--- Record set Enclosed Below ---

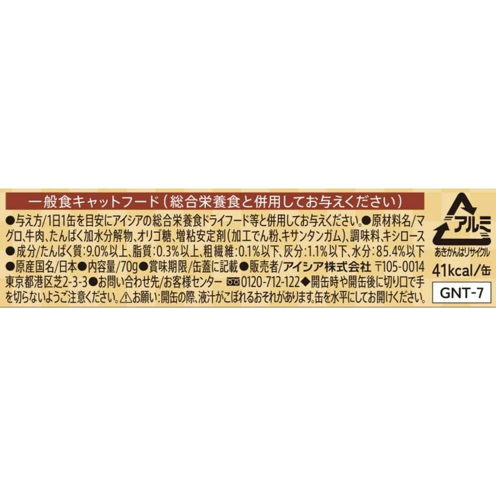 ●マグロ、牛肉、たんぱく加水分解物、オリゴ糖、増粘安定剤(加工でん粉、キサンタンガム)、調味料、キシロース ●たんぱく質:9.0%以上、脂質:0.3%以上、粗繊維:0.1%以下、灰分:1.1%以下、水分:85.4%以下
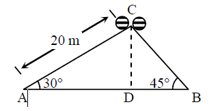 পাশের চিত্রে দুটি হেলানো তল AC ও BC এর শীর্ষবিন্দু C এর উভয় পাশে 2 kg ভরের দুটি লোহার গোলকের অবস্থান দেখানো হলো। C বিন্দুতে গোলক দুটির মোট শক্তি নির্ণয় কর।
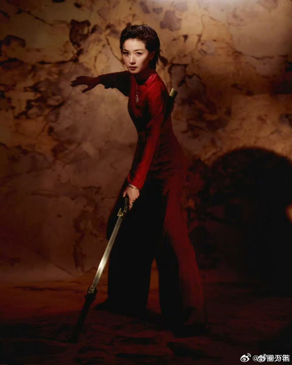 万茜英气万茜御剑造型红衣执剑踏风而来,眉眼间尽是凌厉锋芒,江湖侠气与绝代风情兼具
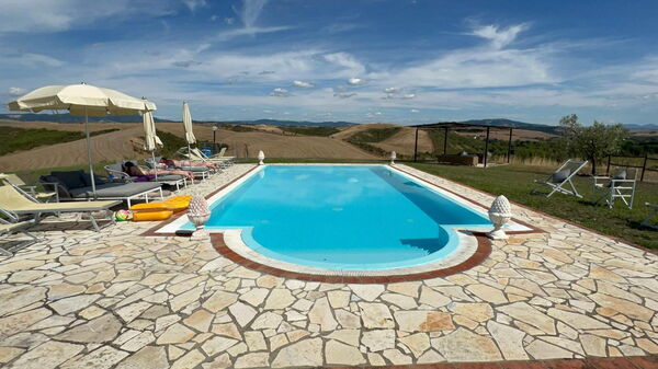 [English translation courtesy of Easy Reserve] We had a wonderful, peaceful stay at Villa Barbara. It's a lovely, spacious villa with a beautiful pool and stunning views stretching for miles across Tuscany. There are cozy seating areas and comfortable lounge areas in various spots. The kitchen is a bit dark, but that's why it's nice and cool.
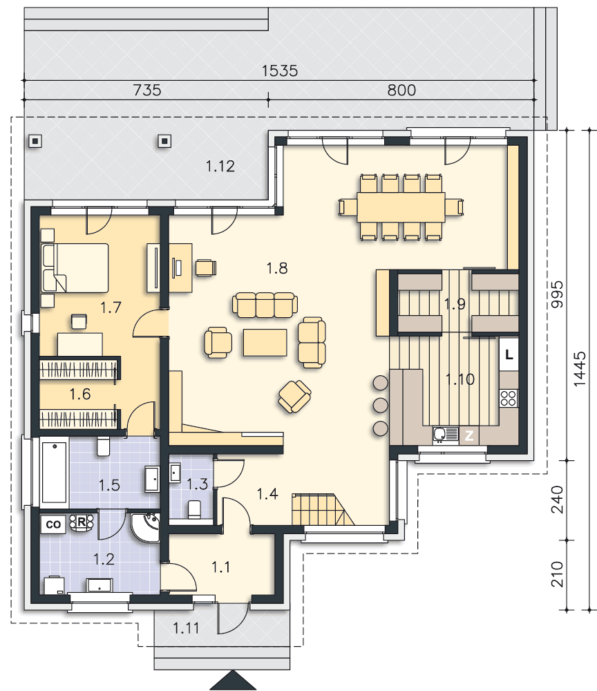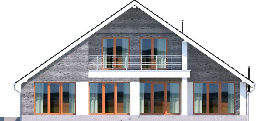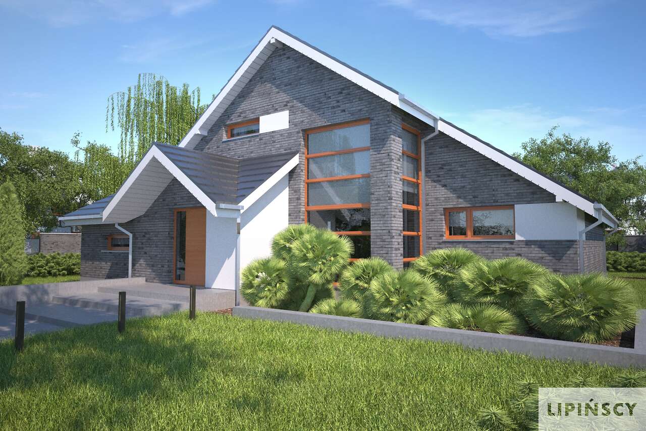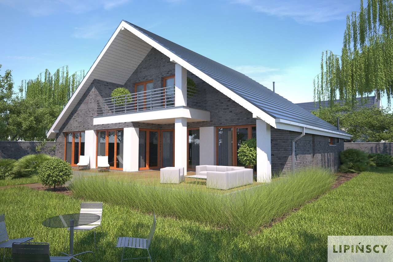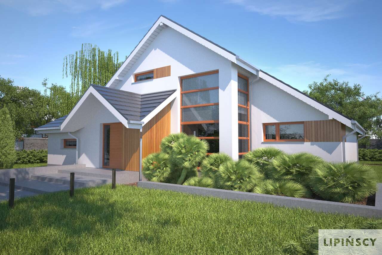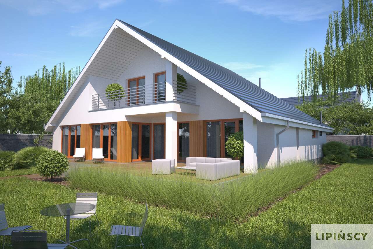 Piękny, wygodny dom z użytkowym poddaszem, zaprojektowany w standardzie energooszczędnym. Jego niewątpliwe atuty to ogromny, jasny salon z jadalnią. Do dyspozycji mieszkańców jest również ustawna kuchnia, obok której zlokalizowano spiżarnię. Charakterystyczną cechą tego projektu jest również wyodrębnienie apartamentu z dużą sypialnią, garderobą i komfortową łazienką na parterze. Poddasze zaplanowano jako wyodrębnioną strefę prywatną, z dwiema sypialniami, garderobą i wygodną łazienką. Ozdobą domu jest duży, częściowo zadaszony taras, usytuowany od strony ogrodowej, z wyjściem z salonu, jadalni i sypialni – doskonały do spędzania czasu na świeżym powietrzu.
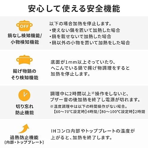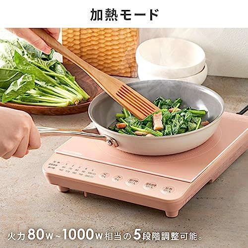 火力調節/加熱:5段階(火力)80W相当、200W相当、500W、700W、1000W/温度調理(約):5段階(水温)60、70、80、90、100/揚げ物調理(約):5段階(油温)160、170、180、190、200

--- End of Enclosed Record set ---

Would you repeat the material exactly, keeping out any pictures?

 ●マグロ、牛肉、たんぱく加水分解物、オリゴ糖、増粘安定剤(加工でん粉、キサンタンガム)、調味料、キシロース ●たんぱく質:9.0%以上、脂質:0.3%以上、粗繊維:0.1%以下、灰分:1.1%以下、水分:85.4%以下
 পাশের চিত্রে দুটি হেলানো তল AC ও BC এর শীর্ষবিন্দু C এর উভয় পাশে 2 kg ভরের দুটি লোহার গোলকের অবস্থান দেখানো হলো। C বিন্দুতে গোলক দুটির মোট শক্তি নির্ণয় কর।
 万茜英气万茜御剑造型红衣执剑踏风而来,眉眼间尽是凌厉锋芒,江湖侠气与绝代风情兼具
 [English translation courtesy of Easy Reserve] We had a wonderful, peaceful stay at Villa Barbara. It's a lovely, spacious villa with a beautiful pool and stunning views stretching for miles across Tuscany. There are cozy seating areas and comfortable lounge areas in various spots. The kitchen is a bit dark, but that's why it's nice and cool.
 Piękny, wygodny dom z użytkowym poddaszem, zaprojektowany w standardzie energooszczędnym. Jego niewątpliwe atuty to ogromny, jasny salon z jadalnią. Do dyspozycji mieszkańców jest również ustawna kuchnia, obok której zlokalizowano spiżarnię. Charakterystyczną cechą tego projektu jest również wyodrębnienie apartamentu z dużą sypialnią, garderobą i komfortową łazienką na parterze. Poddasze zaplanowano jako wyodrębnioną strefę prywatną, z dwiema sypialniami, garderobą i wygodną łazienką. Ozdobą domu jest duży, częściowo zadaszony taras, usytuowany od strony ogrodowej, z wyjściem z salonu, jadalni i sypialni – doskonały do spędzania czasu na świeżym powietrzu.
 火力調節/加熱:5段階(火力)80W相当、200W相当、500W、700W、1000W/温度調理(約):5段階(水温)60、70、80、90、100/揚げ物調理(約):5段階(油温)160、170、180、190、200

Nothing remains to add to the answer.